We are having a low pitched hip roof repaired (appx 20x20 - was rubber over tin). After taking the tin up the tongue and grove (T&G) planks are in good shape. The roofer is suggesting we keep the T&G planks, install ice and water (I&W) shield over all the T&G, and then install EPDM over the I&W. 

I am reading several comments that the EPDM is not compatable with I&W and should not be applied over the I&W - is this accurate? Also, the T&G roof is in good condition however there are small gaps, nail heads etc - should the I&W be applied directly over the T&G? Seems like a bad idea. 

The roofer was thinking he would save us $ by not taking up the T&G and installing a specialized plywood made specifically to apply the EPDM to directly to but this seems like a short term saving for a long term problem. 

comments and ideas welcome.

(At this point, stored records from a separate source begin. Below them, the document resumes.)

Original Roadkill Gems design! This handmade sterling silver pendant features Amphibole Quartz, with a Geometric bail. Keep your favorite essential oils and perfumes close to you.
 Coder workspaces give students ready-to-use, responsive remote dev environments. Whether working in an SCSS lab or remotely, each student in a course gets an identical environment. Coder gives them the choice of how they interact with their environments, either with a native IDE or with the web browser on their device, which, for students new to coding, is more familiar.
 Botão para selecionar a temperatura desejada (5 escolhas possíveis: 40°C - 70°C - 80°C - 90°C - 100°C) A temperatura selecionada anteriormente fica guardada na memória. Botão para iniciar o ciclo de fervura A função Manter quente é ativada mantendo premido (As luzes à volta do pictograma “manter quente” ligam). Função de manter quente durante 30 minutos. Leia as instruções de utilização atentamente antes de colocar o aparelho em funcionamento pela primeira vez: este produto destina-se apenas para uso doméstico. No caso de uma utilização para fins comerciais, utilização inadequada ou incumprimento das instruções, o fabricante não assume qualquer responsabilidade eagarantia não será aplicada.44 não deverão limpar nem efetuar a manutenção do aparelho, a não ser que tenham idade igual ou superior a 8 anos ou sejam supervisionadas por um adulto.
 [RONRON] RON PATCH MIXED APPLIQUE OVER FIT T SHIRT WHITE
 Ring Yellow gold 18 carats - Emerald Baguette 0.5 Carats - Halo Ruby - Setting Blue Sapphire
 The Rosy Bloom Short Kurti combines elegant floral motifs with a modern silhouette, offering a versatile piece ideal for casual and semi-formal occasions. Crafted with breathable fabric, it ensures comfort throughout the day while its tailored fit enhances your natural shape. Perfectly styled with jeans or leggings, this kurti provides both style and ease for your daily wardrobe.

I live in the north east near the ocean so snow, ice and wind are factors


----------



## gordieax (May 29, 2012)

I'm not an expert on this but based on my experience and research epdm needs to be installed over a substrate such as iso board, plywood or possibly osb. Also epdm should be fully adhered as in glued/cemented down. You cannot fully adhere epdm directly over the ice and water shield. It won't adhere properly without an appropriate substrate.


----------



## dougger222 (Feb 25, 2011)

Ice and water directly under EDPM is not a good idea as a matter of fact never heard of anybody doing that. 

The problem like G mentioned is there's really no way to adhear the rubber to the ice and water and the top side of the ice and water may stick to the bottom side of the rubber making it next to impossible to tear off both the rubber and ice and water shield down the road.

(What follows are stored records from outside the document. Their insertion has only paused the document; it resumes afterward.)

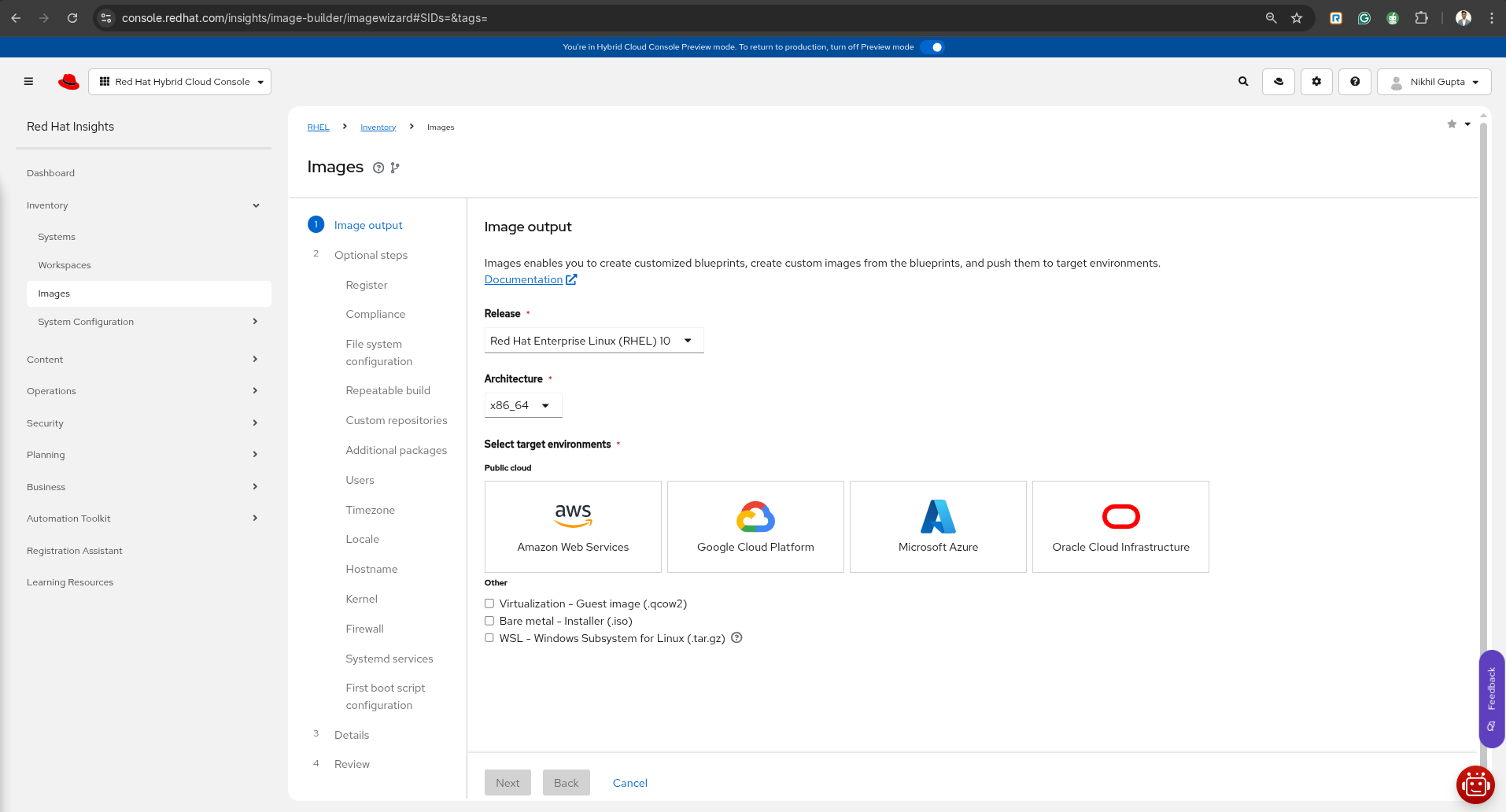 Cannot use image builder from the hybrid cloud console to create VMWare compatible images from RHEL 10, though RHEL 8 and 9 do have this option.
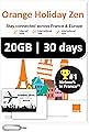 Orange Holiday Europe Prepaid Sim 20GB Internet Data | 30 días de uso | Se permite la conexión de datos | 30 minutos y 200 SMS de Europa a cualquier
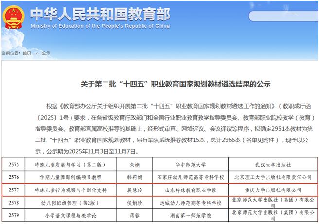 近日,教育部职业教育与成人教育司公示的第二批“十四五”职业教育国家规划教材遴选结果正式发布,我们特殊教育系教师展慧玲主编的《特殊儿童行为观察与个别化支持》教材成功入选,这是我们在特殊教育专业教材建设领域的又一重要突破,为特殊教育人才培养与行业发展提供了优质教学资源支撑。
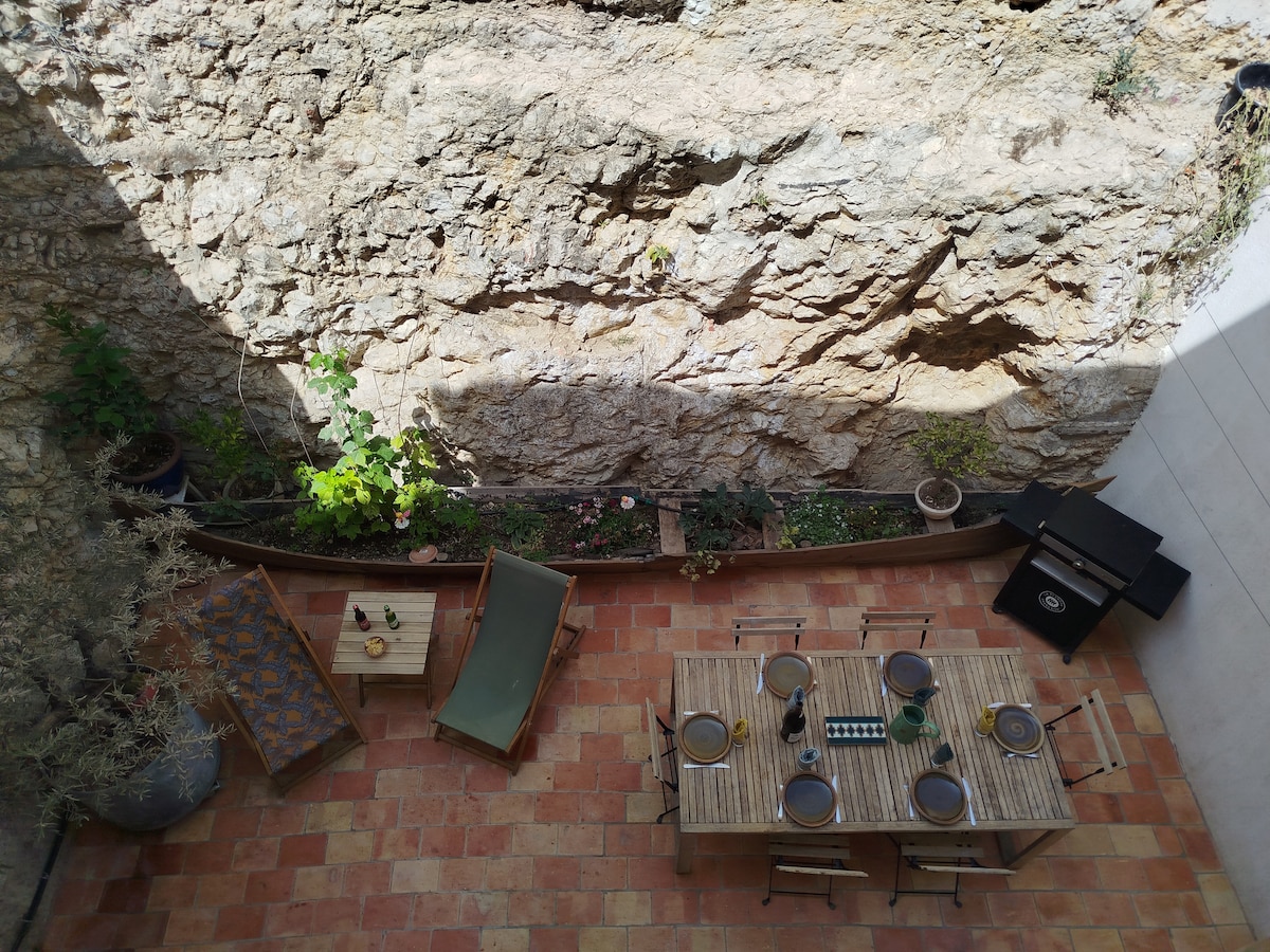 Studio 35 m2 avec une terrasse de 10m2 qui se situe dans les ruelles du village à deux pas de la rue commerçante de Mazargues. Commerces à proximité et nombreux arrêts de bus desservant calanques,plages et centre ville. A 10 min du parc naturel des Calanques,des plages ,de la fac de luminy(kedge),à 15 min de Cassis en voiture. Pour les amoureux de la nature et de la mer, idéal pour les escaladeurs, randonneurs ,mais aussi pour les déplacements professionnels à 15 min du centre ville en bus.
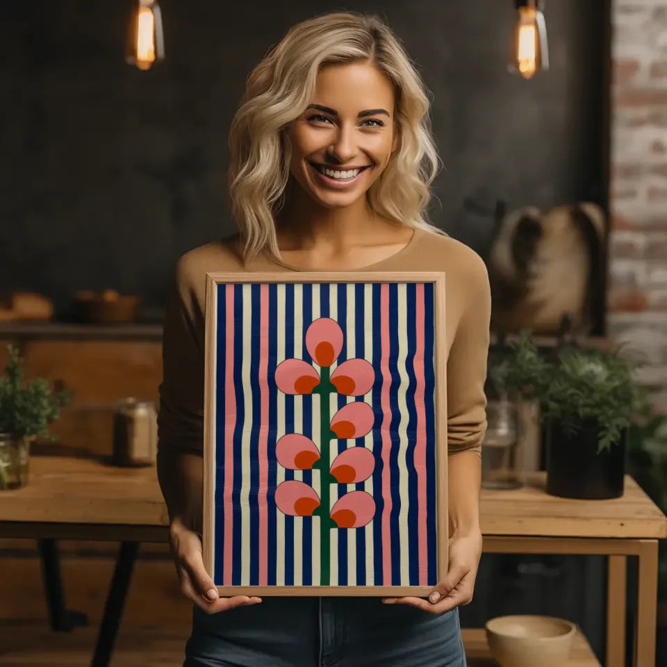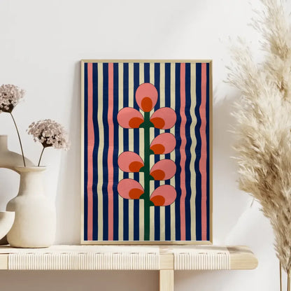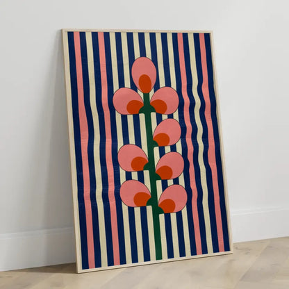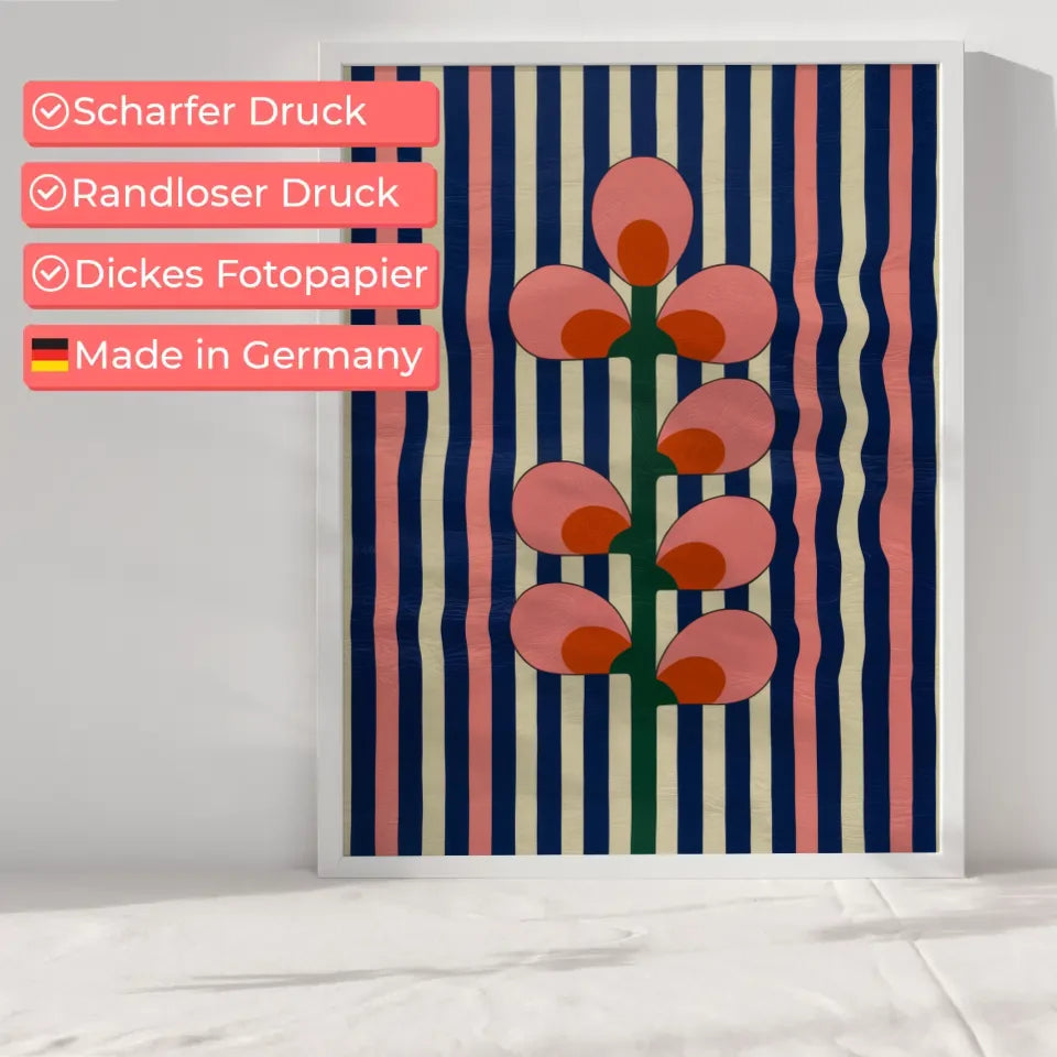 Der Hintergrund des Posters setzt in abwechselnd blauen und rosa Streifen, die handgemalt wirken und in ihrer Breite variieren, einen spannenden Akzent. Diese unregelmäßigen Streifen überschneiden sich gelegentlich mit den organischen Blütenblättern und erzeugen einen dynamischen, abstrahierten Effekt, der sofort ins Auge fällt. Die kontrastierenden Farben und klaren Formen des Posters strahlen eine moderne Frische aus, die jedes Ambiente aufwertet.

You gotta run an iso or fiberboard. OSB or plywood under the EDPM is not recomended as the glues in the decking will counteract with the glue for the rubber and cause issues.

Not an EDPM expert but done a few and did a seminar a few months back on the product. 

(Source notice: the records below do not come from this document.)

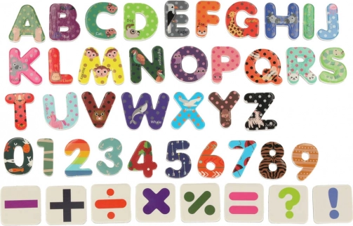 V kompletu so različni učni pripomočki, kot so magnetne črke, številke, krede in flomastri.
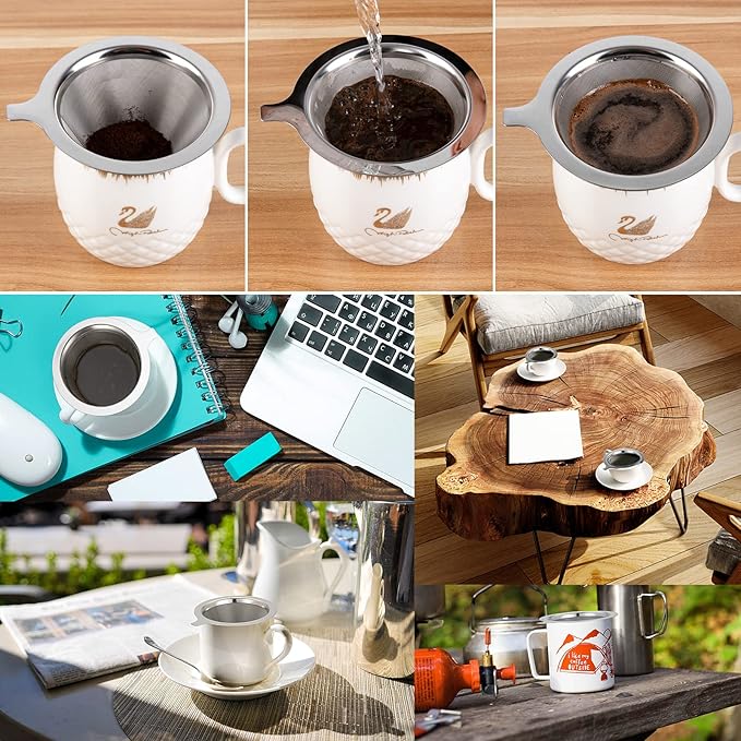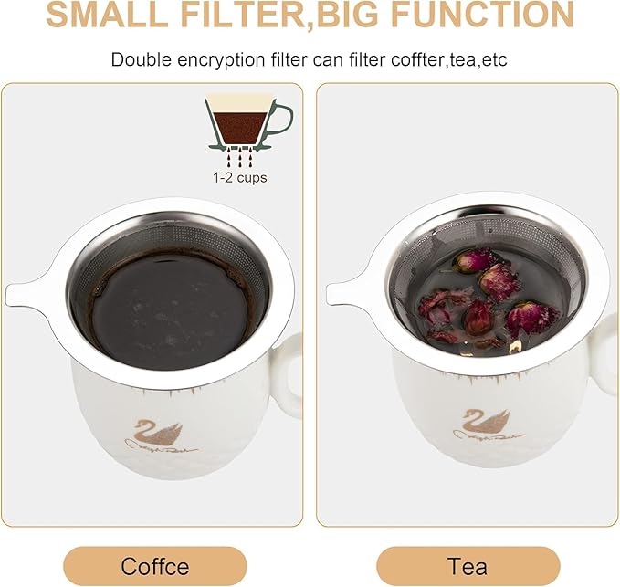 - The reusable coffee filter is made of food-grade 304 stainless steel,the ultra-fine double mesh that filters out coffee grounds while allowing all nutrients and flavored oils to pass through,So that the coffee nature flavour is reserved,you can use for tea too.
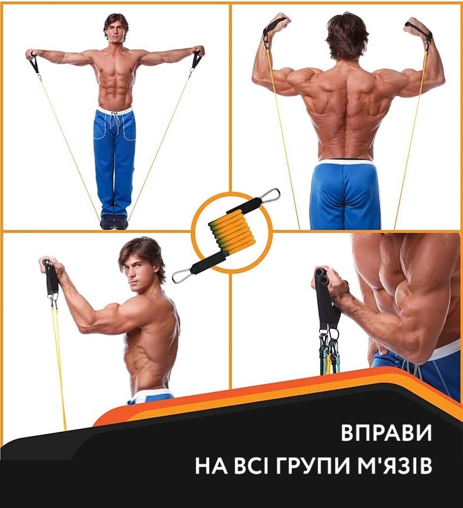 Також набір еспандерів використовуються для реабілітації після травм. Не містить шкідливих здоров'я речовин.
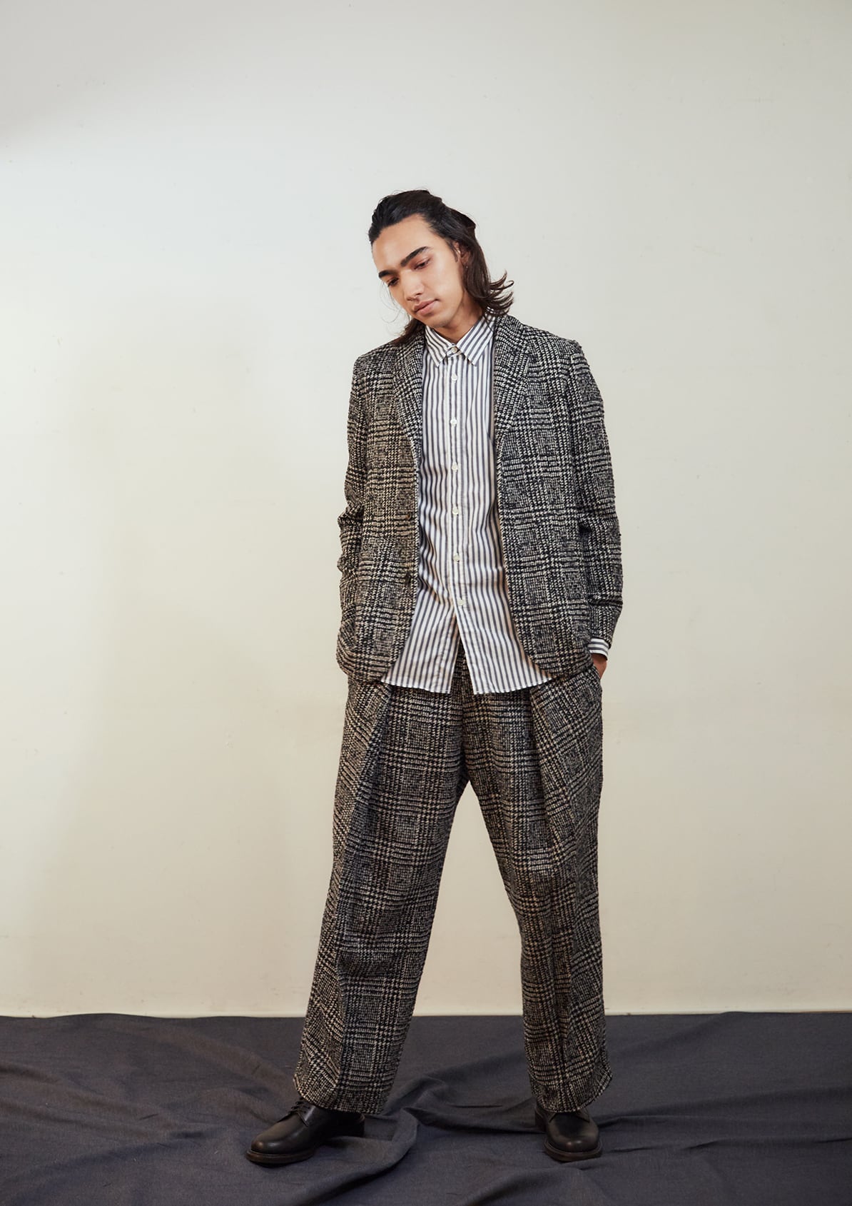尾州で織られたヘビーで肉厚なツイード生地は一着で様になります。

You need to talk with your "roofer" about the ice and water shield. A 20x20 area won't add too much to the project with iso or fiberboard.

Never tore off rubber on icd and water or osb/plywood but have torn off torch down to osb/plywood and it's horrible.


----------



## Maintenance 6 (Feb 26, 2008)

Ice and water is an asphalt based product. The oils from the ashalt will have a negative effect on the EPDM.


----------



## tinner666 (Mar 14, 2005)

No. Unless you're planning on redoing everything again in about 6 months time. Or less.


----------



## Chris Brink (Jul 5, 2012)

*EPDM over I&W*

Agree this sounds sketchy, particulary because the big issue is which adhesive will be used with the EPDM, and different adhesives do different things to different materials, there is a lot of variability in how compatible these products can be.

Using I&W and EPDM together is a bit redundant anyway, as each would be creating a continuous plane of water tightness.


----------